== Material for this task ==
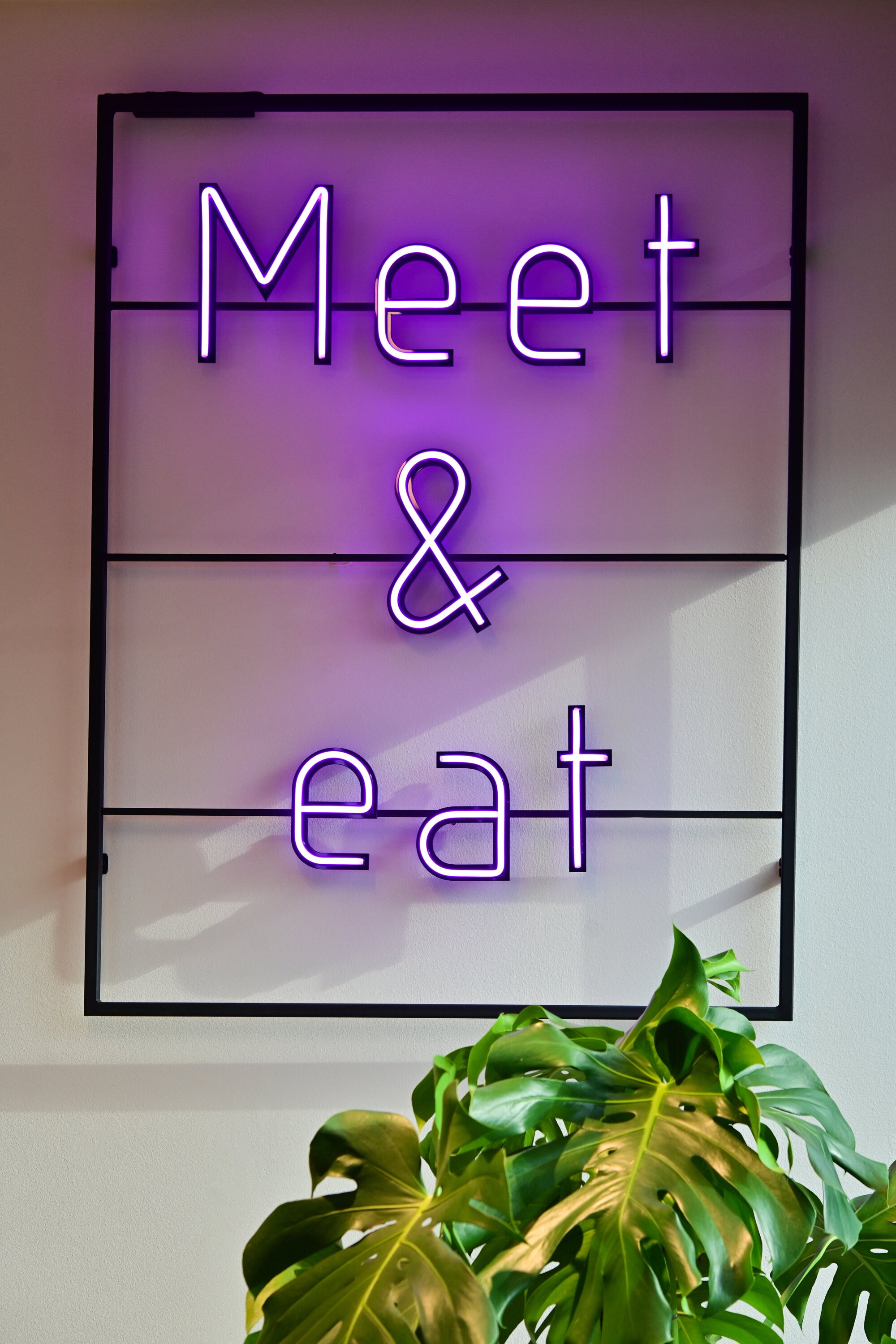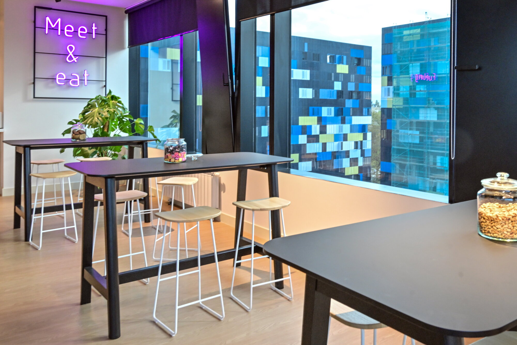 At the core of the office lies the social hub – the Fueling Station. As the largest room on the floor, it offers a space for employees to relax, enjoy lunch, or simply socialize. The room's ambiance is enhanced by expansive glass walls providing a breathtaking city view, aligning with our ultimate goal of creating an exceptionally relaxing environment. Subtle, unobtrusive furniture with soft lines contributes to an open and fluid space. Character is infused through understated details in Productive's colors and dynamic wallpaper sourced from Japan, changing hues with shifting light.
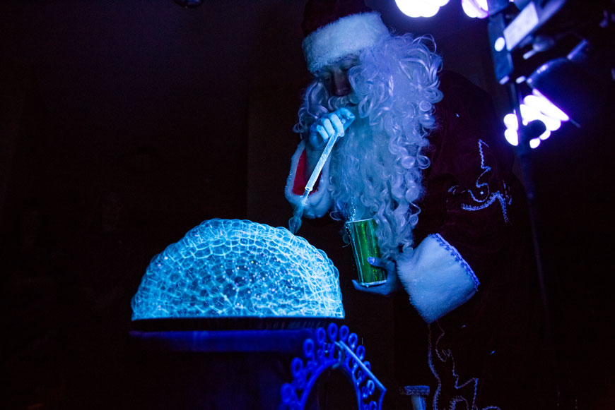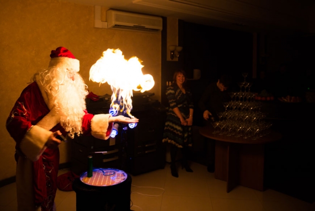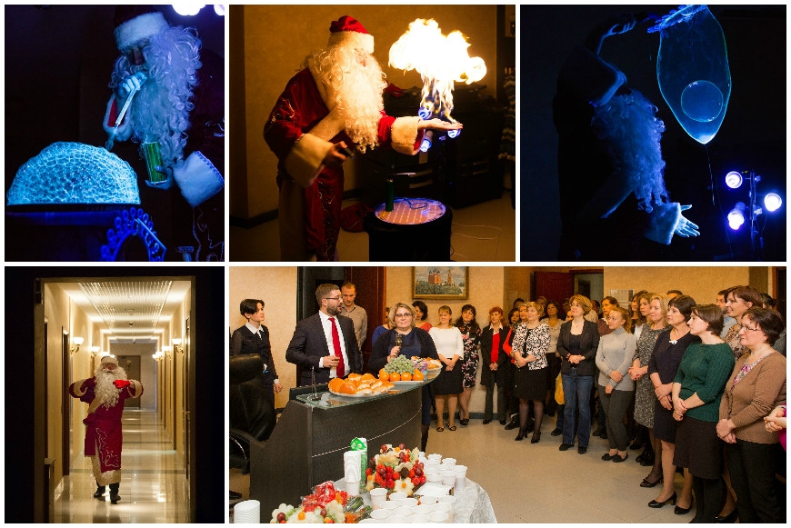 В холле офиса погас свет, откуда ни возьмись появился Дед Мороз, и началось волшебство: шоу мыльных пузырей.
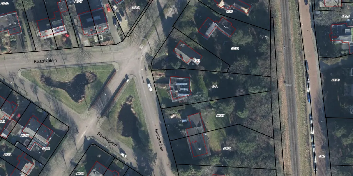 Het perceel waarop Beatrixplein 1 staat heeft een oppervlakte van 1050 m². Dit is een zeer groot perceel. De perceeloppervlakte wordt geregistreerd door het Kadaster. Gedetailleerde informatie over de maten van dit perceel kunt u vinden in het rapport Kadastrale kaart met maatvoering van Beatrixplein 1.
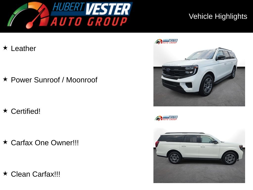 Leather, Power Sunroof / Moonroof, Certified!, Carfax One Owner!!!, Clean Carfax!!!, Vester Certified Pre-Owned Certified, 110V/400W AC Power Outlet, 26mm Engine Radiator, 2nd Row Power-Folding 40/20/40 ActiveX Bench Seat, 2nd Row Power-Folding Captain's Chairs, 3.73 Axle Ratio, 360-Degree Zone Lighting, 3rd Row Flexible Seating, 3rd row seats: split-bench, 3rd Row Vinyl Seats, 4-Door Intelligent Access (Lock/Unlock), 4-Wheel Disc Brakes, 6 Speakers, ABS brakes, ActiveX Front Heated Captain's Chairs, Air Conditioning, Alloy wheels, AM/FM radio: SiriusXM with 360L, Apple CarPlay/Android Auto, Auto High-beam Headlights, Auto-dimming Rear-View mirror, Automatic temperature control, BlueCruise Equipped, Brake assist, Bumpers: body-color, Cloth Front Captain's Chairs, Compass, Delay-off headlights, Driver door bin, Driver State Detection, Driver vanity mirror, Dual front impact airbags, Dual front side impact airbags, Electronic Stability Control, Emergency communication system: 911 Assist, Equipment Group 202A High Package, Exterior Parking Camera Rear, Flex Powered Console, Ford Split Gate, Four wheel independent suspension, Front anti-roll bar, Front Bucket Seats, Front Center Armrest, Front dual zone A/C, Front reading lights, Front Side Laminated Glass, Fully automatic headlights, Heated door mirrors, Heated Steering Wheel, Heavy-Duty Trailer Tow, Illuminated entry, Integrated Trailer Brake Control, Intersection Assist, Low tire pressure warning, Memory Driver Seat, Navigation System, Occupant sensing airbag, Outside temperature display, Overhead airbag, Overhead console, Panic alarm, Passenger door bin, Passenger vanity mirror, Power door mirrors, Power driver seat, Power Panoramic Vista Roof w/Power Sunshade, Power passenger seat, Power steering, Power Tilt/Telescopic Steering Wheel w/Memory, Power windows, Power-Folding Sideview Mirrors w/Autofold, Radio data system, Radio: AM/FM Stereo w/MP3 Capable, Rain Sensing Wipers, Rear air conditioning, Rear anti-roll bar, Rear reading lights, Rear window defroster, Rear window wiper, Reclining 3rd row seat, Remote keyless entry, SecuriCode Keyless Entry Keypad, Security system, SiriusXM w/360L, Speed control, Speed-sensing steering, Speed-Sensitive Wipers, Split folding rear seat, Spoiler, Steering wheel mounted audio controls, Tachometer, Telescoping steering wheel, Tilt steering wheel, Traction control, Trip computer, Universal Garage Door Opener, USB Ports, Variably intermittent wipers, Voltmeter, Wheels: 18" Dark Alloy Painted Aluminum, Wheels: 20" Carbonized Gray Bright Machined Aluminum, Wireless Charging Pad.
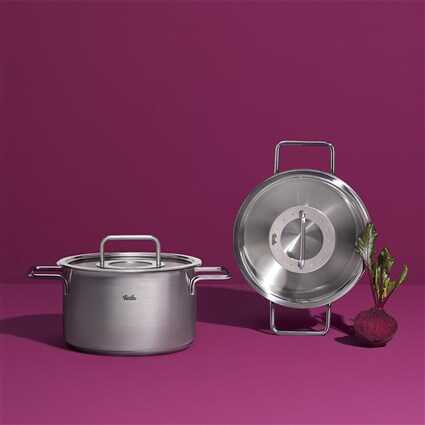Pure Profi Collection - коллекция, которая была создана как для профессионалов, и как для любителей готовить. Все кастрюли сделаны из нержавеющей стали 18/10. Увесистая и плотно прилегающая крышка является ключевым элементом: кипящая вода в кастрюле испаряется на внутренней стороне крышки и каплями орошает приготавливаемые продукты. Таким образом, Ваши блюда получаются вкуснее и сочнее. Большие, удобные ручки из нержавеющей стали удобны в руке и остаются прохладными даже, когда вы готовите. Увеличенный по ширине обод для слива позволяет без брызг и потеков вылить содержимое из посуды или перелить в другую ёмкость. Универсальное штампованное дно CookStar обеспечивает оптимальное поглощение, распределение тепла и подходит для всех видов плит, включая индукционные. Купить Fissler в Украине. Купить Fissler Киев. Посуда из нержавеющей стали. г Киев, бульвар Леси Украинки 30, Студия сервировки стола Vendom. тел. 068-650-22-33
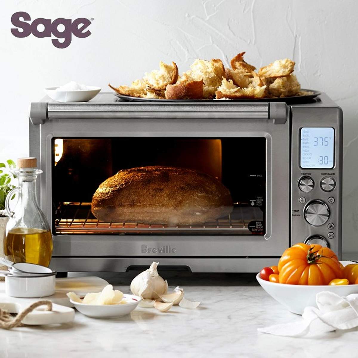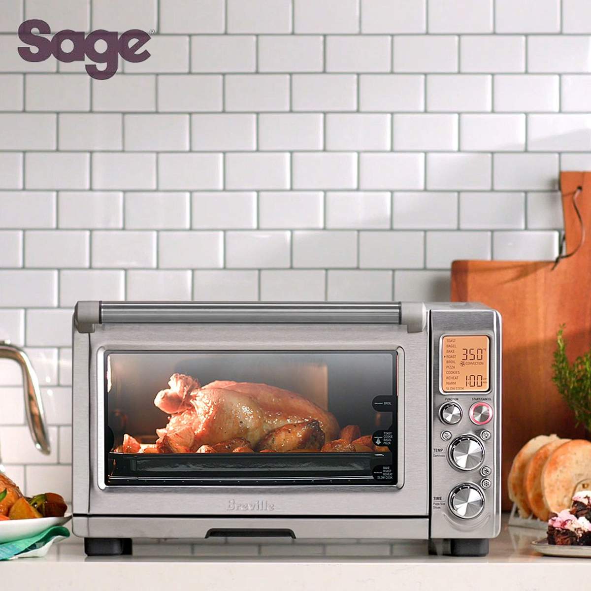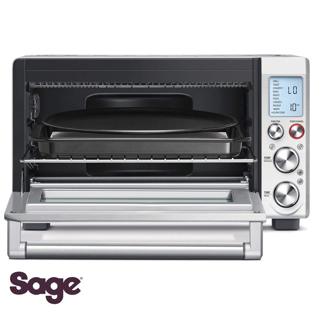 Con questo forno a convezione di Sage potrai far lavorare la fantasia e cuocere qualsiasi pietanza, dal pane alla pizza, dai dolci agli arrosti, utilizzando le 10 funzioni di cottura preimpostate.
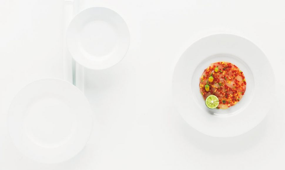 Taï en fines lamelles assaisonnées d’un mélange yuzu/miso/piments rouges/shiso/algues
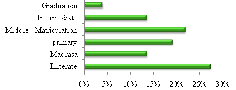 In this study Educational level of Transgender shown in Figures 3&4 was very low for most of the participants. As 20 (27.4%) Transgender were illiterate, 10 (13.7%) had once studied under madrasa, 14 (19.2%) managed up to primary, 16 (21.9%) were matric pass and 10 (13.7%) after great struggle did intermediate and only 3 (4.1%) persuaded graduation.

== Action item ==
Copy the material above exactly and drop the pictures.

== Output for this exercise ==
 At the core of the office lies the social hub – the Fueling Station. As the largest room on the floor, it offers a space for employees to relax, enjoy lunch, or simply socialize. The room's ambiance is enhanced by expansive glass walls providing a breathtaking city view, aligning with our ultimate goal of creating an exceptionally relaxing environment. Subtle, unobtrusive furniture with soft lines contributes to an open and fluid space. Character is infused through understated details in Productive's colors and dynamic wallpaper sourced from Japan, changing hues with shifting light.
 В холле офиса погас свет, откуда ни возьмись появился Дед Мороз, и началось волшебство: шоу мыльных пузырей.
 Het perceel waarop Beatrixplein 1 staat heeft een oppervlakte van 1050 m². Dit is een zeer groot perceel. De perceeloppervlakte wordt geregistreerd door het Kadaster. Gedetailleerde informatie over de maten van dit perceel kunt u vinden in het rapport Kadastrale kaart met maatvoering van Beatrixplein 1.
 Leather, Power Sunroof / Moonroof, Certified!, Carfax One Owner!!!, Clean Carfax!!!, Vester Certified Pre-Owned Certified, 110V/400W AC Power Outlet, 26mm Engine Radiator, 2nd Row Power-Folding 40/20/40 ActiveX Bench Seat, 2nd Row Power-Folding Captain's Chairs, 3.73 Axle Ratio, 360-Degree Zone Lighting, 3rd Row Flexible Seating, 3rd row seats: split-bench, 3rd Row Vinyl Seats, 4-Door Intelligent Access (Lock/Unlock), 4-Wheel Disc Brakes, 6 Speakers, ABS brakes, ActiveX Front Heated Captain's Chairs, Air Conditioning, Alloy wheels, AM/FM radio: SiriusXM with 360L, Apple CarPlay/Android Auto, Auto High-beam Headlights, Auto-dimming Rear-View mirror, Automatic temperature control, BlueCruise Equipped, Brake assist, Bumpers: body-color, Cloth Front Captain's Chairs, Compass, Delay-off headlights, Driver door bin, Driver State Detection, Driver vanity mirror, Dual front impact airbags, Dual front side impact airbags, Electronic Stability Control, Emergency communication system: 911 Assist, Equipment Group 202A High Package, Exterior Parking Camera Rear, Flex Powered Console, Ford Split Gate, Four wheel independent suspension, Front anti-roll bar, Front Bucket Seats, Front Center Armrest, Front dual zone A/C, Front reading lights, Front Side Laminated Glass, Fully automatic headlights, Heated door mirrors, Heated Steering Wheel, Heavy-Duty Trailer Tow, Illuminated entry, Integrated Trailer Brake Control, Intersection Assist, Low tire pressure warning, Memory Driver Seat, Navigation System, Occupant sensing airbag, Outside temperature display, Overhead airbag, Overhead console, Panic alarm, Passenger door bin, Passenger vanity mirror, Power door mirrors, Power driver seat, Power Panoramic Vista Roof w/Power Sunshade, Power passenger seat, Power steering, Power Tilt/Telescopic Steering Wheel w/Memory, Power windows, Power-Folding Sideview Mirrors w/Autofold, Radio data system, Radio: AM/FM Stereo w/MP3 Capable, Rain Sensing Wipers, Rear air conditioning, Rear anti-roll bar, Rear reading lights, Rear window defroster, Rear window wiper, Reclining 3rd row seat, Remote keyless entry, SecuriCode Keyless Entry Keypad, Security system, SiriusXM w/360L, Speed control, Speed-sensing steering, Speed-Sensitive Wipers, Split folding rear seat, Spoiler, Steering wheel mounted audio controls, Tachometer, Telescoping steering wheel, Tilt steering wheel, Traction control, Trip computer, Universal Garage Door Opener, USB Ports, Variably intermittent wipers, Voltmeter, Wheels: 18" Dark Alloy Painted Aluminum, Wheels: 20" Carbonized Gray Bright Machined Aluminum, Wireless Charging Pad.
Pure Profi Collection - коллекция, которая была создана как для профессионалов, и как для любителей готовить. Все кастрюли сделаны из нержавеющей стали 18/10. Увесистая и плотно прилегающая крышка является ключевым элементом: кипящая вода в кастрюле испаряется на внутренней стороне крышки и каплями орошает приготавливаемые продукты. Таким образом, Ваши блюда получаются вкуснее и сочнее. Большие, удобные ручки из нержавеющей стали удобны в руке и остаются прохладными даже, когда вы готовите. Увеличенный по ширине обод для слива позволяет без брызг и потеков вылить содержимое из посуды или перелить в другую ёмкость. Универсальное штампованное дно CookStar обеспечивает оптимальное поглощение, распределение тепла и подходит для всех видов плит, включая индукционные. Купить Fissler в Украине. Купить Fissler Киев. Посуда из нержавеющей стали. г Киев, бульвар Леси Украинки 30, Студия сервировки стола Vendom. тел. 068-650-22-33
 Con questo forno a convezione di Sage potrai far lavorare la fantasia e cuocere qualsiasi pietanza, dal pane alla pizza, dai dolci agli arrosti, utilizzando le 10 funzioni di cottura preimpostate.
 Taï en fines lamelles assaisonnées d’un mélange yuzu/miso/piments rouges/shiso/algues
 In this study Educational level of Transgender shown in Figures 3&4 was very low for most of the participants. As 20 (27.4%) Transgender were illiterate, 10 (13.7%) had once studied under madrasa, 14 (19.2%) managed up to primary, 16 (21.9%) were matric pass and 10 (13.7%) after great struggle did intermediate and only 3 (4.1%) persuaded graduation.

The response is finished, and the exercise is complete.